Discussion in 'Effects [BG]' started by ba$$player, Mar 27, 2011.


  1. ba$$player

    ba$$player

    Dec 8, 2010
    Oklahoma
    Just looking for opinions on both. I will be using for recording as well as shows where we open for someone else. They look pretty similar, which to go with?
     
  2. mattfong

    mattfong

    Jan 14, 2008
    Toronto, Canada
    I just typed a bunch of incomprehensible crap about the Para Driver so here's what I think in a simpler answer:

    -It's not my favourite thing ever for electric bass, though I do use it, sometimes.
    -I LOVE it for amplifying double bass (which is probably of no concern here?).
    -The drive control is nice for subtle tubey grit.
    -The mid controls are awesome and super-useful.
    -the EQ is really powerful, in general.

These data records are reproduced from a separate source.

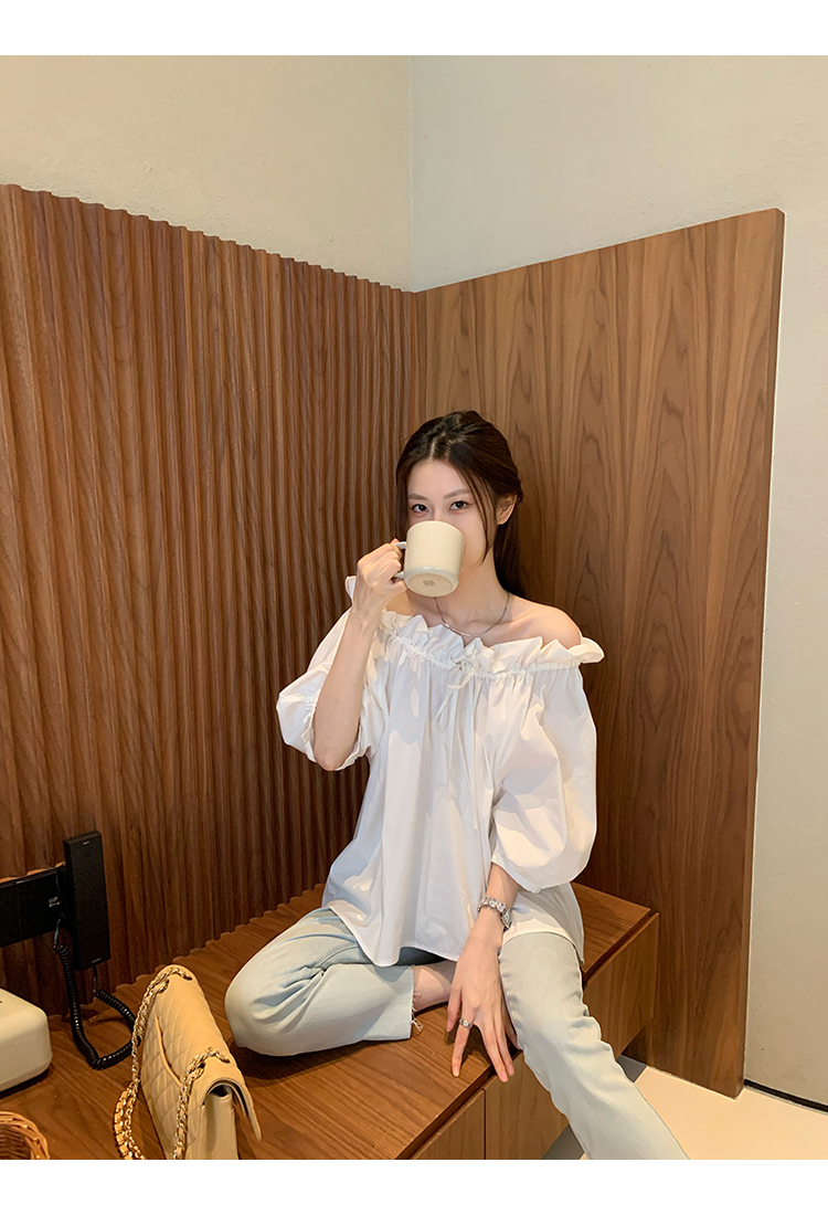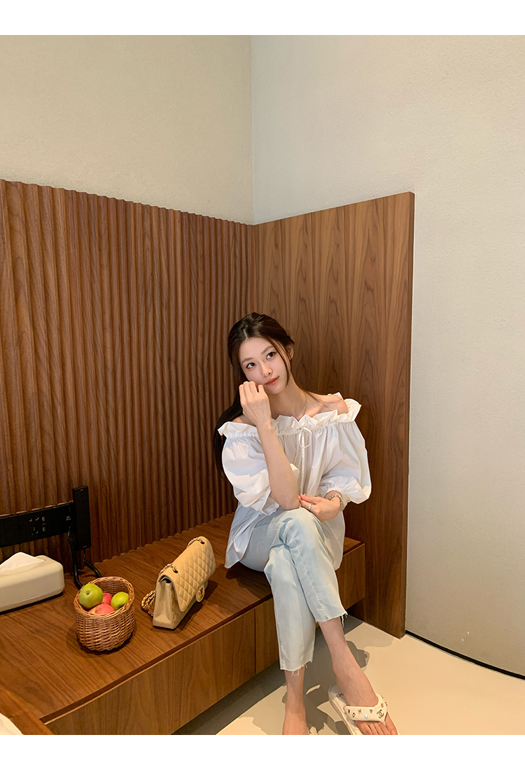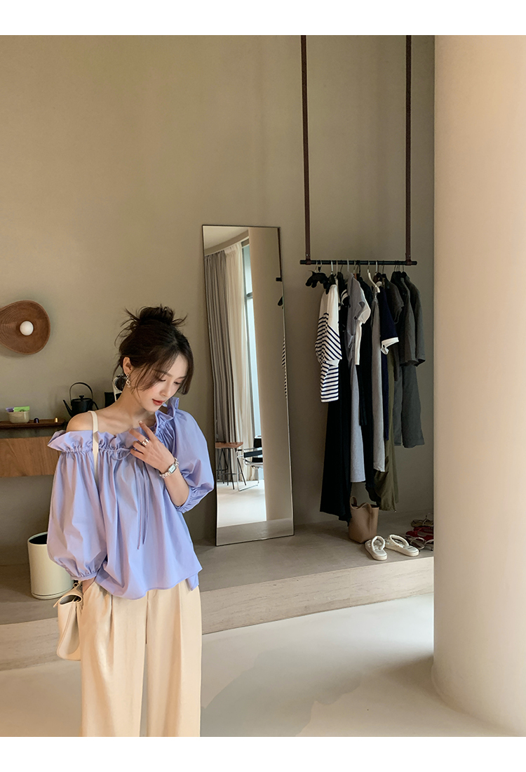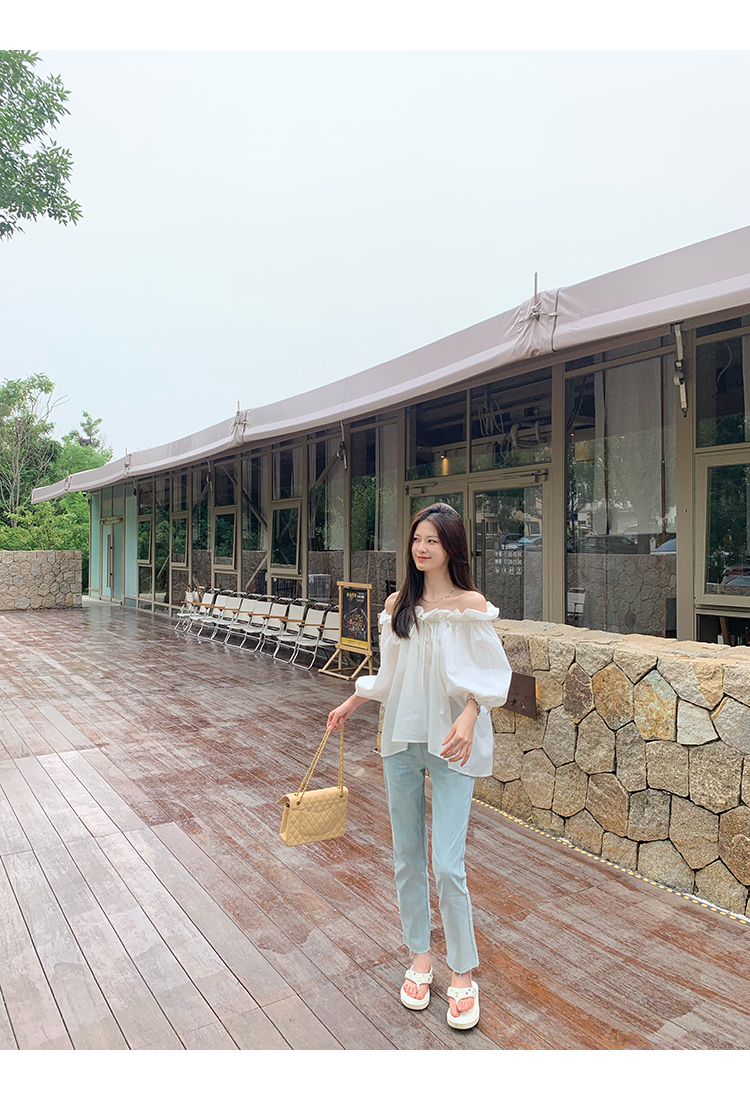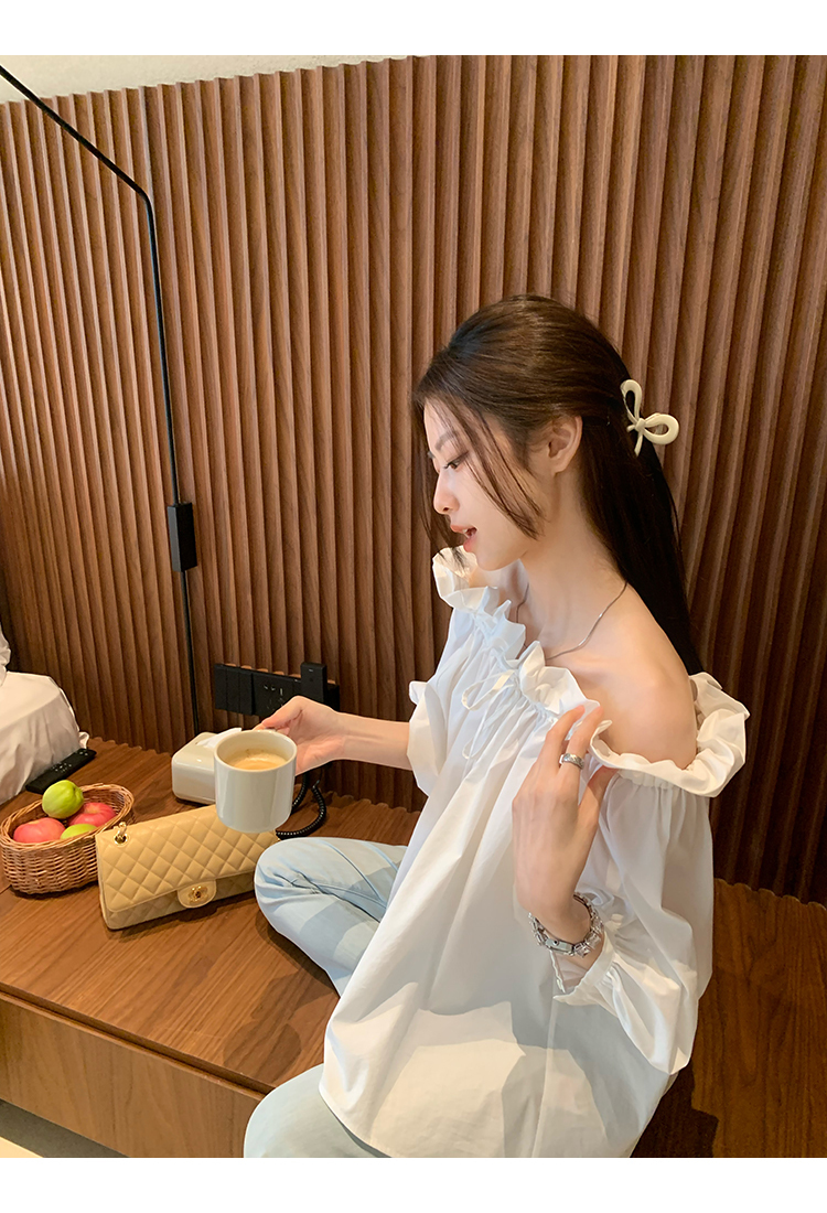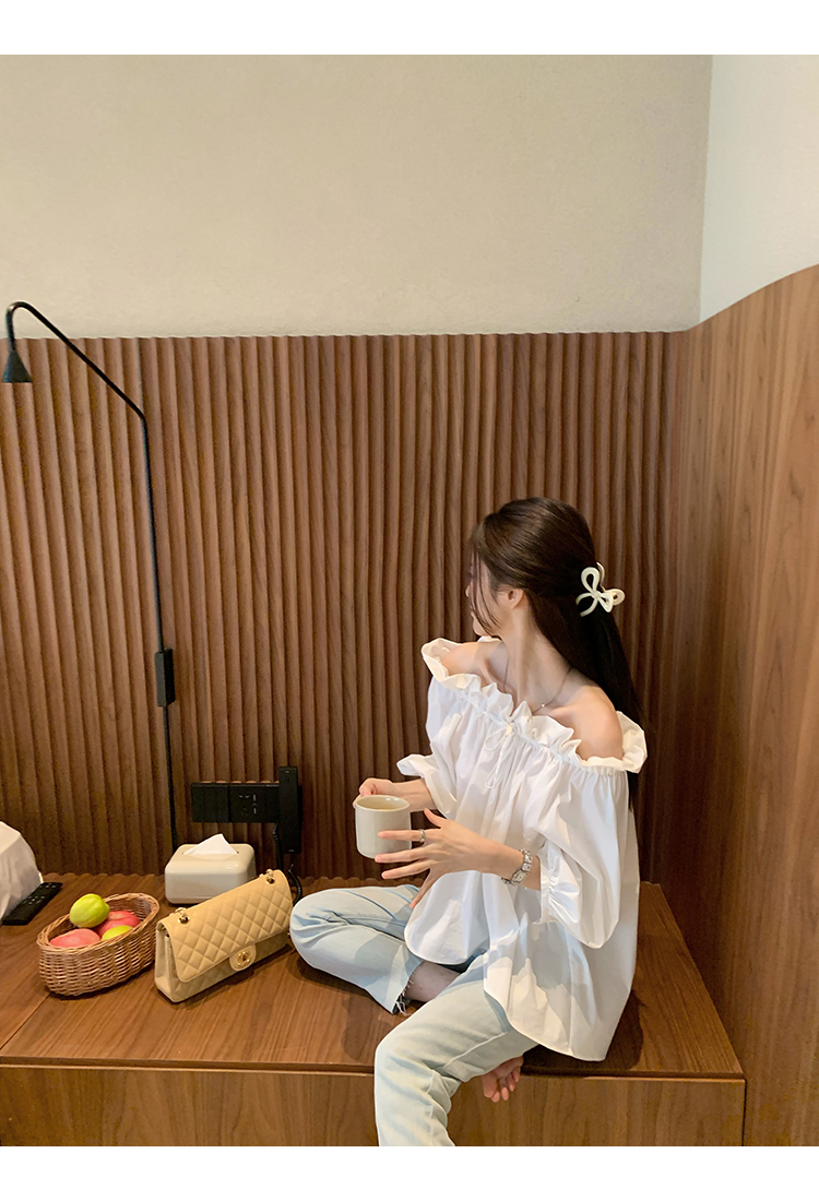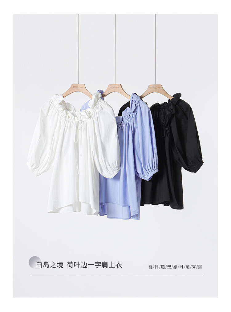 *o-ha-you*【FMQC2042033】白島之境高密高織彈性棉多季實穿法式溫柔風荷葉邊一字肩上衣-3色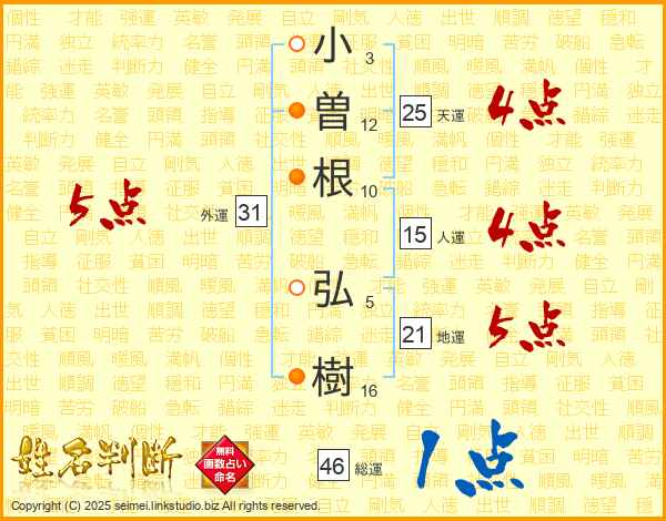 小(3画)曽(12画)根(10画) 弘(5画)樹(16画)
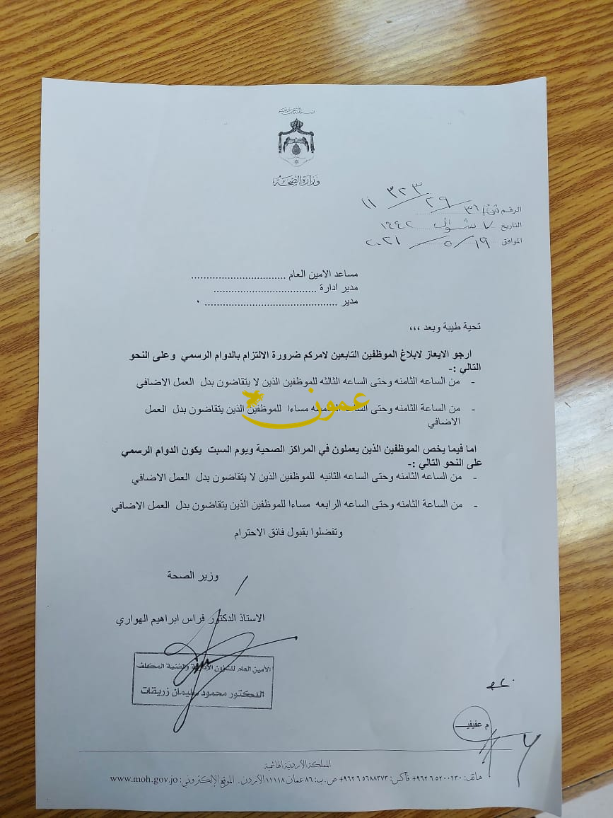 واصدر امين عام وزارة الصحة الدكتور محمود زريقات تعميما حدد ساعات الدوام الرسمي من الساعة الثامنة صباحا وحتى الثالثة مساء للموظفين الذين لا يتقاضون بدل عمل اضافي وللساعة الخامسة للذين يتقاضون العمل الاضافي.

    I've never used it as a DI box yet, so no comment on that. I think the reason I don't love it with electric bass is that I LOVE my amp, so I don't need another preamp/eq. Though it's great having it when I'm at a gig using a house amp that I don't really like.
     
    PawleeP likes this.
  3. boodakon

    boodakon

    Sep 2, 2009
    San Diego,CA
    I haven't used the Tone Hammer so can't comment on that.

    But have used the SansAmp RBI, which is said to be the rackmount version of the Para driver (how similar/dissimilar these might be I really can't say - didn't play the Para Driver with my current set up). I felt the RBI colored my tone too much, even with blend set at 25%. So with that, I got drowned out easily once my guitarist started raging, plus the unit has some kinda automatic mid-scoop thingy. Loved it when my drummer and I rocked out alone though.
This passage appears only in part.